• ABOUT THIS EXERCISE:
Wherever pictures appear in the listing below, leave them out, and copy exactly, and only, everything from the line with "家庭に宅配ボックスを設置する" down to the line with "Vasi da fiori".

• EXTRACTED DATA:
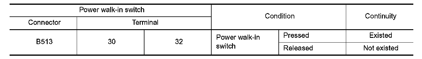 2.Check continuity between driver seat control unit harness connector and power walk-in switch harness connector.
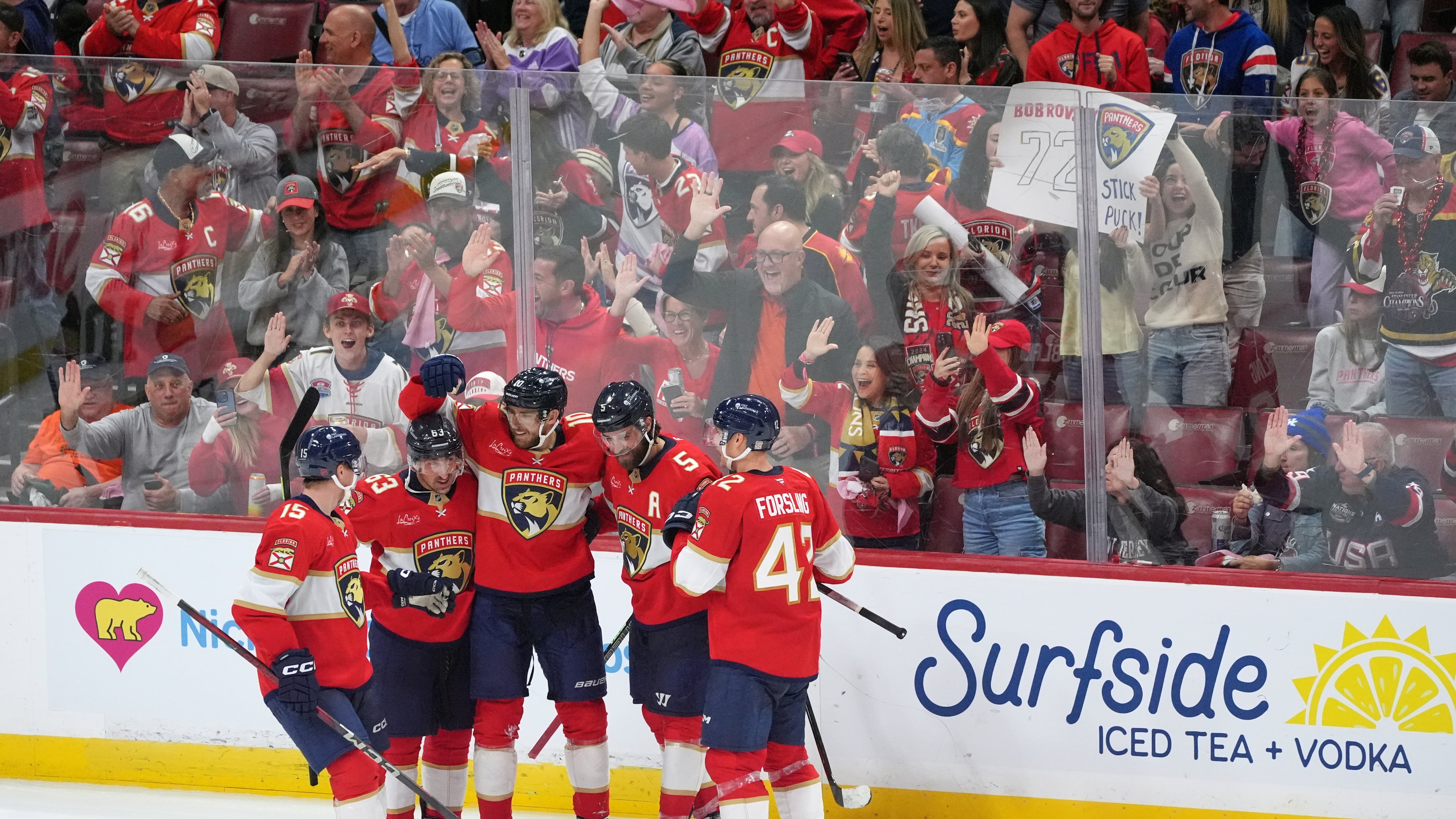 SUNRISE, Fla. (AP) — Brad Marchand put the puck in the back of the net for the Florida Panthers on Saturday night, then pointed a finger in the air and looked to the sky.
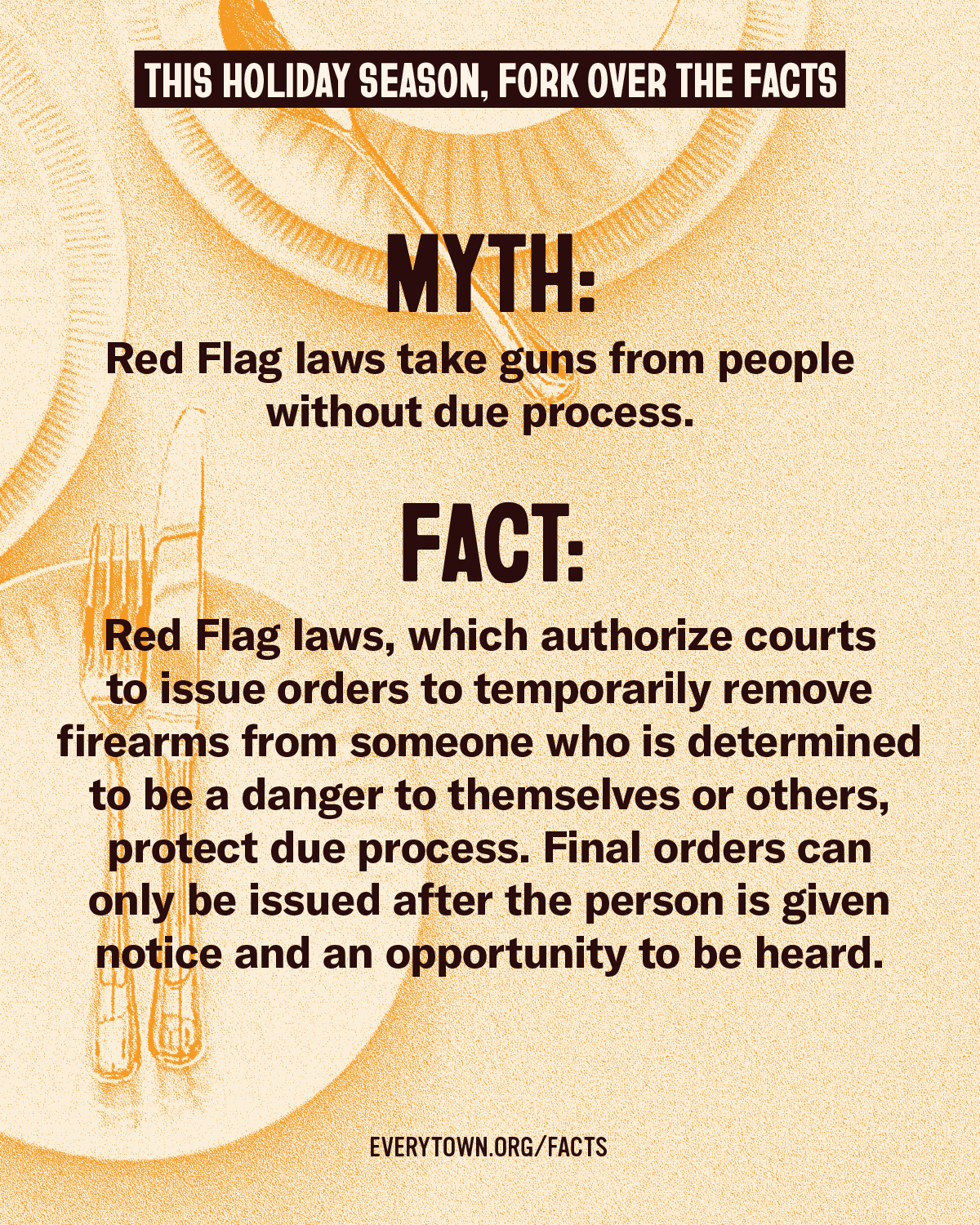 Red Flag laws, which authorize courts to issue orders to temporarily remove firearms from someone who is determined to be a danger to themselves or others, protect due process. Final orders can only be issued after the person is given notice and an opportunity to be heard.
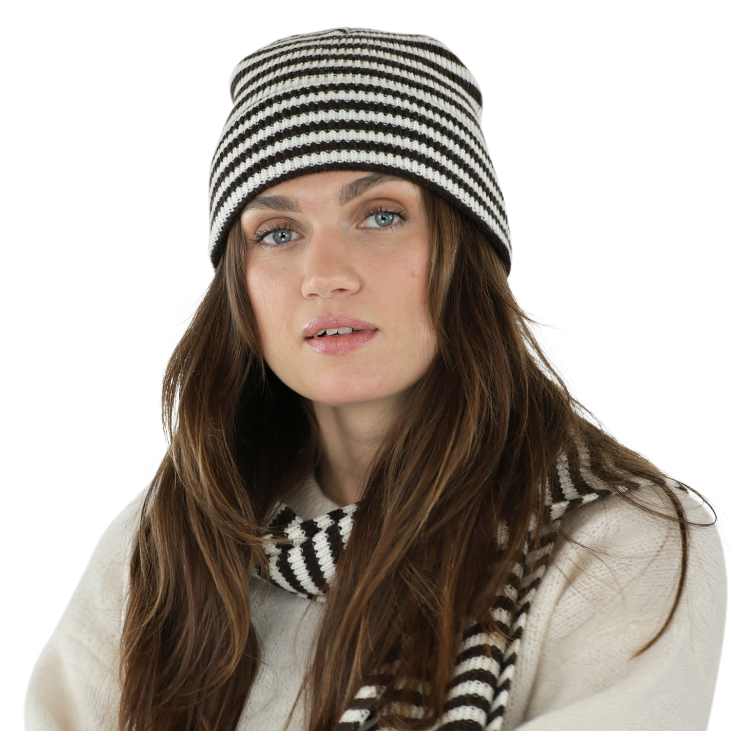 Skjerf - Gårda Engelberg Striped Wool Mix Scarf (brun/hvit)
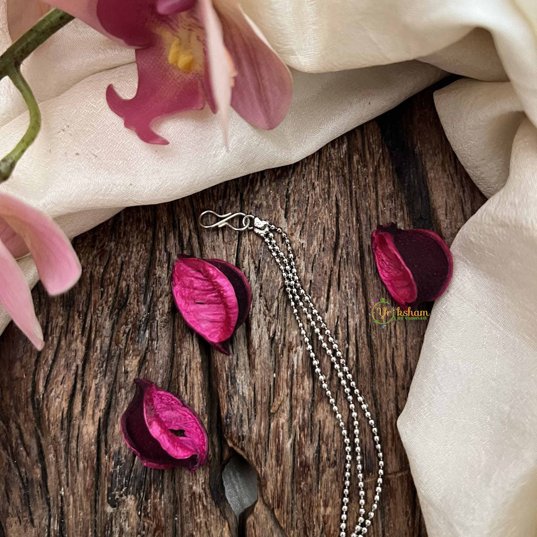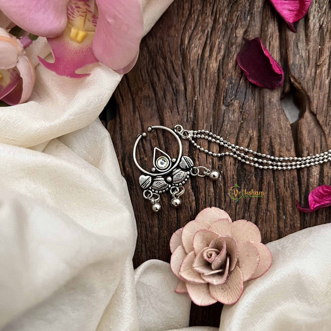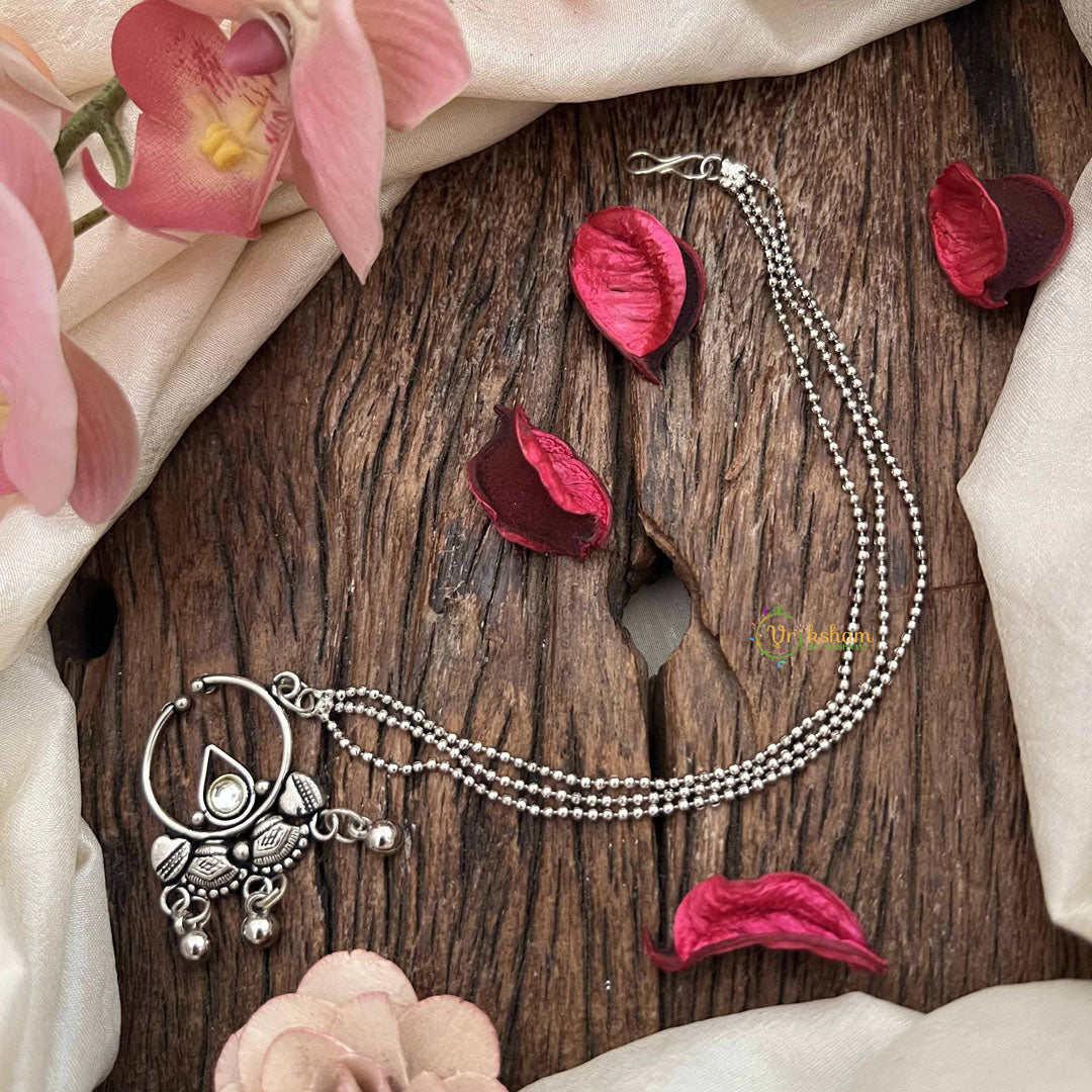 Elevate your traditional ensemble with the Vriksham Traditional Silver Nose Pin featuring a delicate 3-layered silver dot chain design. Crafted with precision, this elegant nath enhances your look with subtle sophistication and timeless charm, perfect for special occasions or everyday grace.
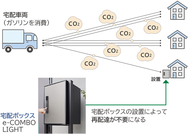 家庭に宅配ボックスを設置することで、再配達が回避され、荷物を受け取る人の煩わしさの解消や宅配事業者の労働時間短縮と、同時に、配達にかかる車の燃料等のエネルギーの消費に伴うCO2排出量が削減され、地域物流網の負荷量軽減と低炭素化に貢献する。
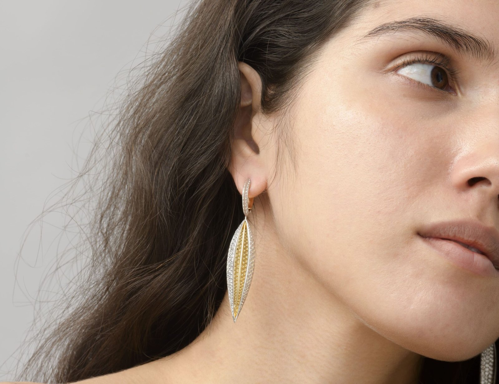 The Seed-Leaf Spear Earrings represents the cyclicity of all things and explores ideas of fertility, abundance, creation. The yellow gold in high-gloss reflects the diamonds.
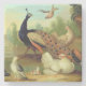 En påfågel, duvor, hönor och en Jay i en parkera Underlägg Sten
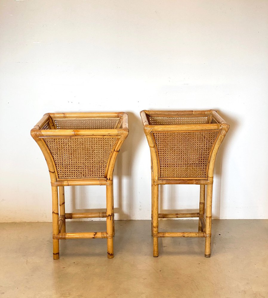 Vasi da fiori in paglia e bambù, anni '70, set di 2
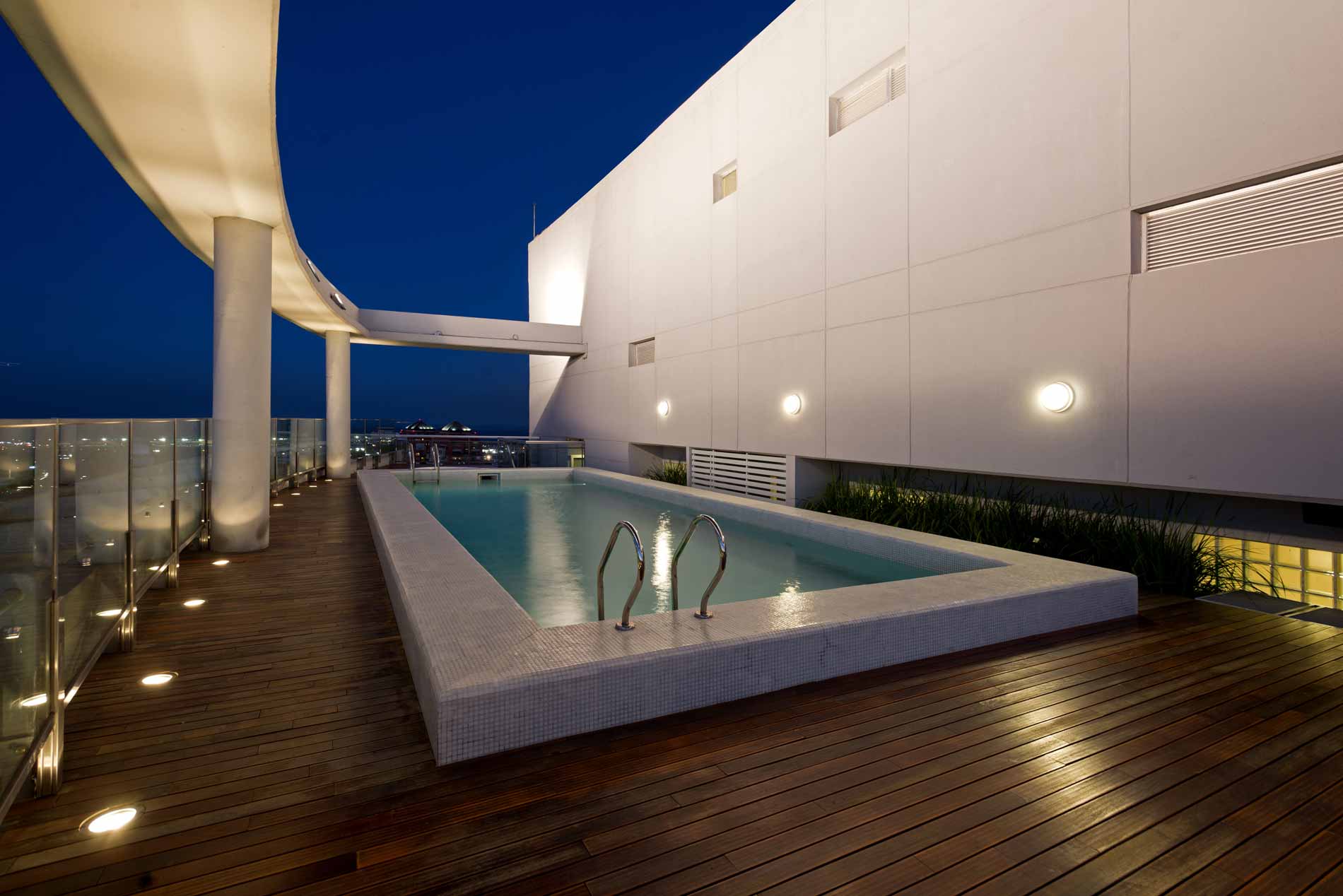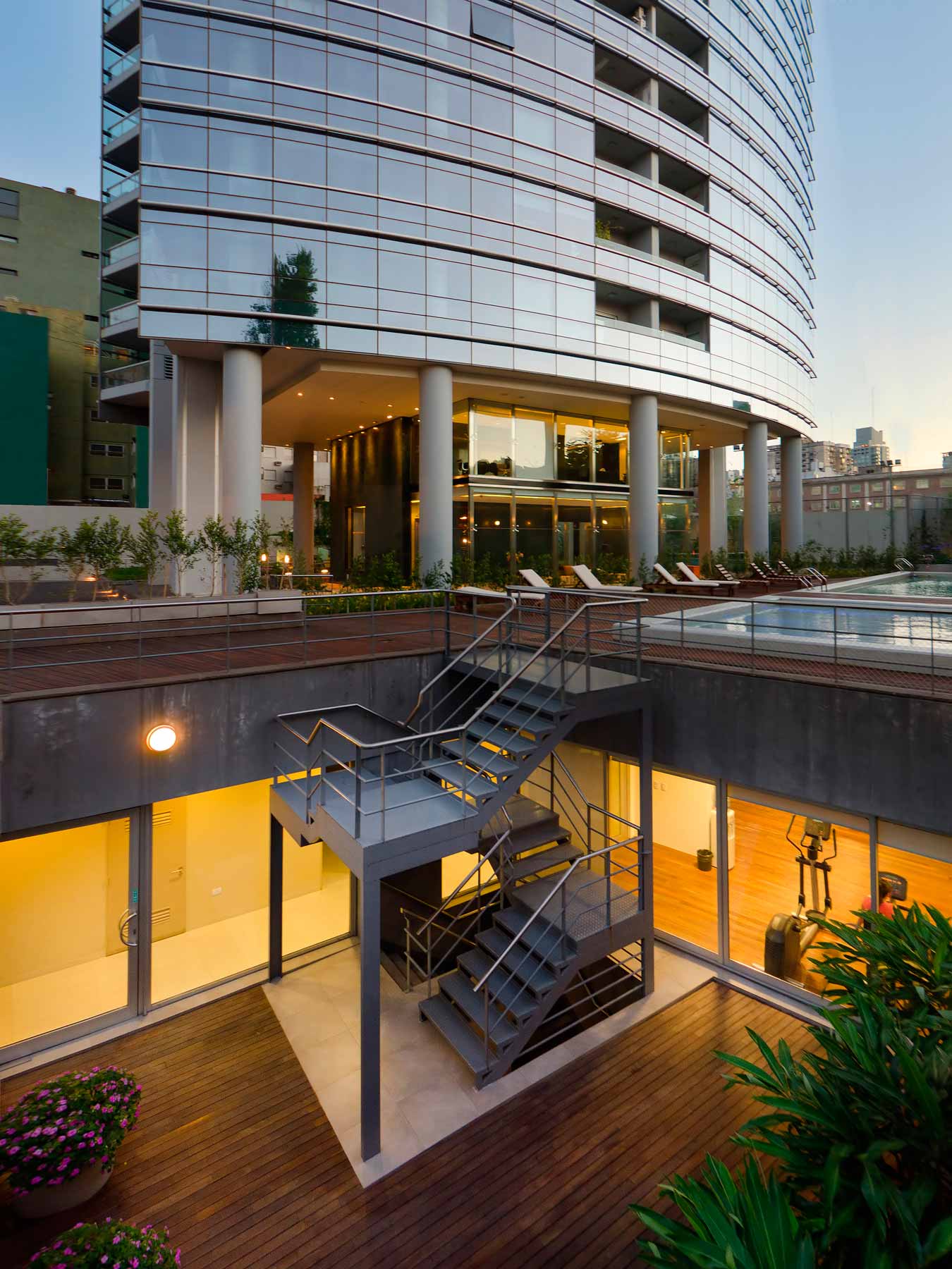 Se trata de un conjunto edilicio formado por planta baja libre, 28 pisos altos y 2 subsuelos, que aloja exclusivas unidades de vivienda, cocheras, bauleras, locales de servicios generales, amenities, hall de acceso peatonal, terraza con solarium y piscina, unidad de encargado, azotea, sala de máquinas y tanques.
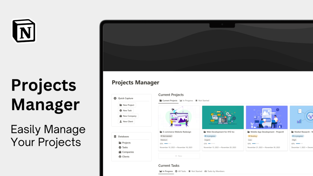 Are you juggling multiple projects and feeling a bit overwhelmed? Say hello to your new best friend - our custom-designed Project Manager Template for Notion! We've crafted this template with one goal in mind: to streamline your workflow and bring some zen to your project management.
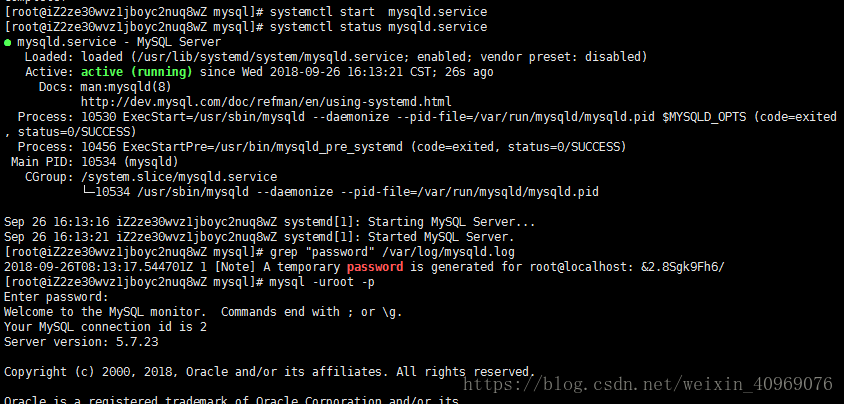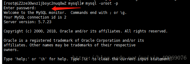 [root@iZ2ze30wvz1jboyc2nuq8wZ mysql]# mysql -uroot -p 这里到-p就行了,回车会提示你输入密码的

• RESPONSE:
 家庭に宅配ボックスを設置することで、再配達が回避され、荷物を受け取る人の煩わしさの解消や宅配事業者の労働時間短縮と、同時に、配達にかかる車の燃料等のエネルギーの消費に伴うCO2排出量が削減され、地域物流網の負荷量軽減と低炭素化に貢献する。
 The Seed-Leaf Spear Earrings represents the cyclicity of all things and explores ideas of fertility, abundance, creation. The yellow gold in high-gloss reflects the diamonds.
 En påfågel, duvor, hönor och en Jay i en parkera Underlägg Sten
 Vasi da fiori in paglia e bambù, anni '70, set di 2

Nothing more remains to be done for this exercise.